I’m not so sure if Ehrlich has four children. I think he and Ann have one daughter and three grandchildren.

Ehrlich said something intertesting a few years back. He was pissed over the fact that America’s human population continues to grow and grow and grow. In an interview, he said that he may just tell his daughter and grandchildren to say fuck it all, there is no hope and they just might as well live it up.

As far as political strategy goes, Euro-Americans need to start growing up. Voting for Tancredo or some other Totemic King/daddy figure will not save Euro-America.

On Foriegn policy issues, Tancredo will serve THE HEBE and the CEO.

If Tancredo every attempted to do the right thing across the board, his administration would be sabotaged by the corporations. Altenative politics would then be thoroughly discredited and we would be stuck with HEBE loving and pro-homosexual Rudi Giuliani for a long time.
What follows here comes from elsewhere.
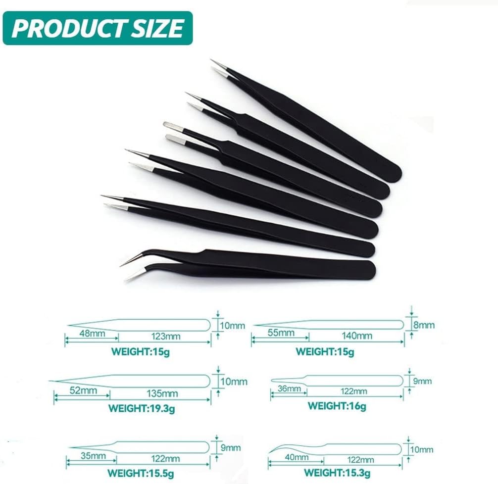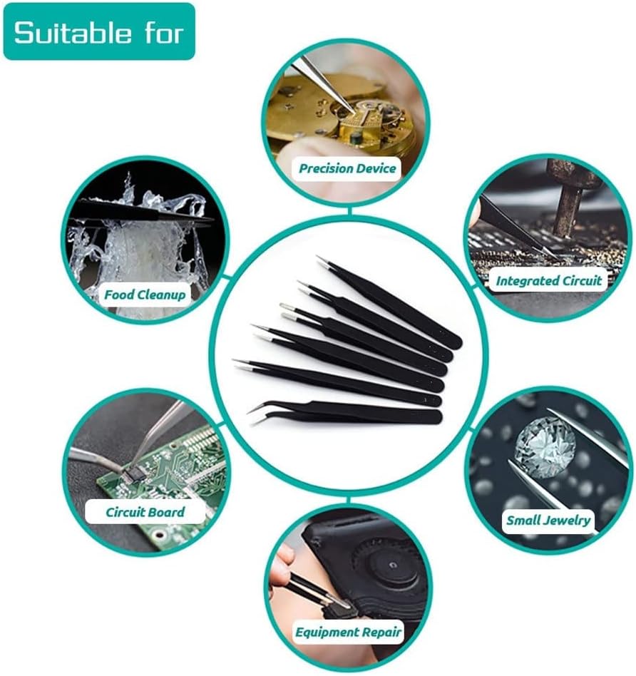 The tweezer is made by antacid steel, big strength factor,anti-static,good elasticity,antimagnetic.It's safe to pick up electronic components.High hardness and high elasticity,clamping small parts, not easy to deformation.Easily grip objects, Good texture, clamping accuracy 100 microns.The tweezers with a cover, which is not easy to damage the hands and is convenient for storage.Application: integrated circuit maintenance,precision parts maintenance,mobile phone accessories maintenance,computer parts maintenance,Eyelash curler.Specification Material:StainlessSteel Color: BlackFeature:elasticity,antimagnetic.It's safe to pick up electronic componentsQuantity: 1 Set 6 pieces)Hard material makes you easy to trim eyebrow shape

We need to get OUR PEOPLE in power at the levels up to the congressional seats. Local interactions ...long range order and control. If we can do this, we can politically marginalize and neutralize the Senate and the presidency. The Senators and president will then be reduced to sodomizing each other and young mexican boys at that Republican party mens club in California’s Redwood country.
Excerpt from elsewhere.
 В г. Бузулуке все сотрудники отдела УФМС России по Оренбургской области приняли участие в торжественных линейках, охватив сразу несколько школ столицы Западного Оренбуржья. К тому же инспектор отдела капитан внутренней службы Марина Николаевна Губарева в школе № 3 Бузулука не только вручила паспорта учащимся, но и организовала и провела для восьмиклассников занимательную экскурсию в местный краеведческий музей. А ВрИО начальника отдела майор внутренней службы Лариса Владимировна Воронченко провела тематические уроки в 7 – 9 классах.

I cringe every time a see one of those desperate TANCREDO FOR PRESIDENT posts on American Rennasaince.


19

Posted by ben tillman on Fri, 23 Feb 2007 16:10 | #

I’m not so sure if Ehrlich has four children.

Yes, I’m finding sources that say he had just one.  You may be thinking of Garrett Hardin, who had four children.  Of course, he’s one of us.


20

Posted by James Bowery on Wed, 27 Feb 2013 20:41 | #

Erratum: “the Stanford student newspaper” should have red “The Stanford Review, an independent student newspaper started by Stanford University students including Paypal founder Peter Theil”

IIRC, I read this circa 1994-1996 while living in Palo Alto.  The key qualifier in the above is the word “biological”.  I’d have to find the original story, probably only in the stacks of the Stanford Library (assuming it hasn’t been “lost”) which is now nearing two decades old.


21

Posted by James Bowery on Thu, 26 Mar 2015 22:21 | #

Google is pursuing a massive, world-girdling, balloon-based mesh network infrastructure with many of the characteristics I described in the above post here at MR in early 2007.


22

Posted by James Bowery on Sun, 20 Dec 2015 22:07 | #

Another piece of the balloon transport system has fallen into place with “Solar power from hydrogen filled balloons could gather cloudless solar power and provide hydrogen fuel cell power at night”.


23

Posted by Kumiko Oumae on Sun, 27 Dec 2015 02:35 | #

It’s also a great step toward the eventual realisation of ‘a Hydrogen Society’, which Michio Kaku was talking about at CES 2015.

We have to consider that the entire purpose of the development of productive forces under a fossil fuel regime, was really to provide the economic base from which the Hydrogen society could eventually arise.